Thanks to the new LLM, GigaChat follows instructions better and can complete more complex tasks
At the international conference on artificial intelligence AI Journey, Sber developers announced a new version of the GigaChat service, which is based on one of the most advanced models for the Russian language with 29 billion parameters.
Sber's business clients will soon be among the first to have access to the new API – to implement their own solutions, as well as members of the academic community – to conduct research.
Thanks to the new LLM, GigaChat follows instructions better and can perform more complex tasks: the quality of summarizing, rewriting and editing texts, and answering various questions has significantly improved. The team compared the responses of the new and previous models and recorded an overall improvement in quality of 23%. At the same time, the announced model copes with facts 25% better than the previous version.
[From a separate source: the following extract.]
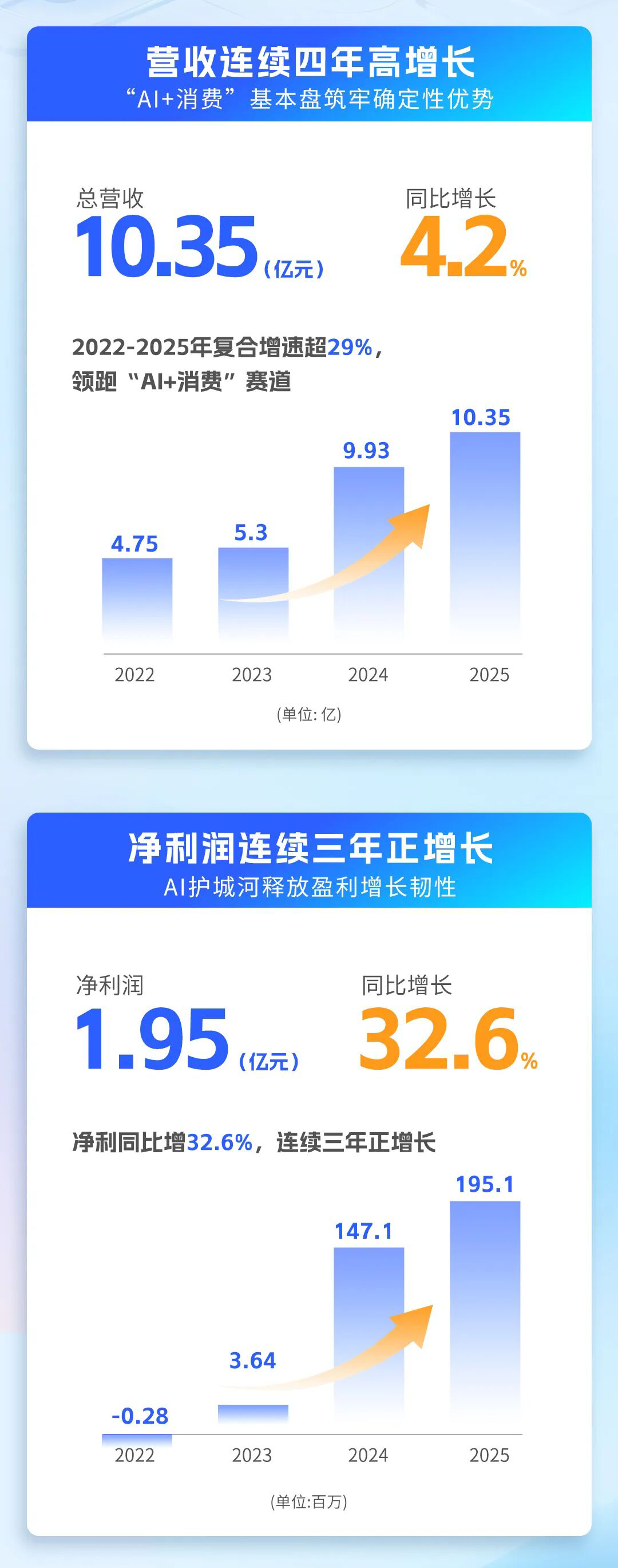 成长速度维度,量化派2022-2025年,总营收从4.75亿元攀升至10.35亿元,复合增长率近30%,这样的速度在整个“AI+消费”赛道都十分罕见;

According to the results of internal evaluation in the MMLU (Massive Multitask Language Understanding) benchmark, the model of the new version of GigaChat with 29 billion parameters is superior to the most popular open analog LLaMA 2 34B.
Senior Vice President and Head of the Technologies block of Sberbank Andrey Belevtsev said:
Training the models that power GigaChat is a massive and complex computational undertaking, and we've never done anything like it before. The total number of computational operations was almost 6 times higher than the number of operations when training the ruGPT-3 model with 13 billion parameters in 2021. Also, especially for GigaChat, we have collected and are developing a unique dataset, on which hundreds of Sber employees are working, helping to develop and improve the quality of answers in a variety of domains.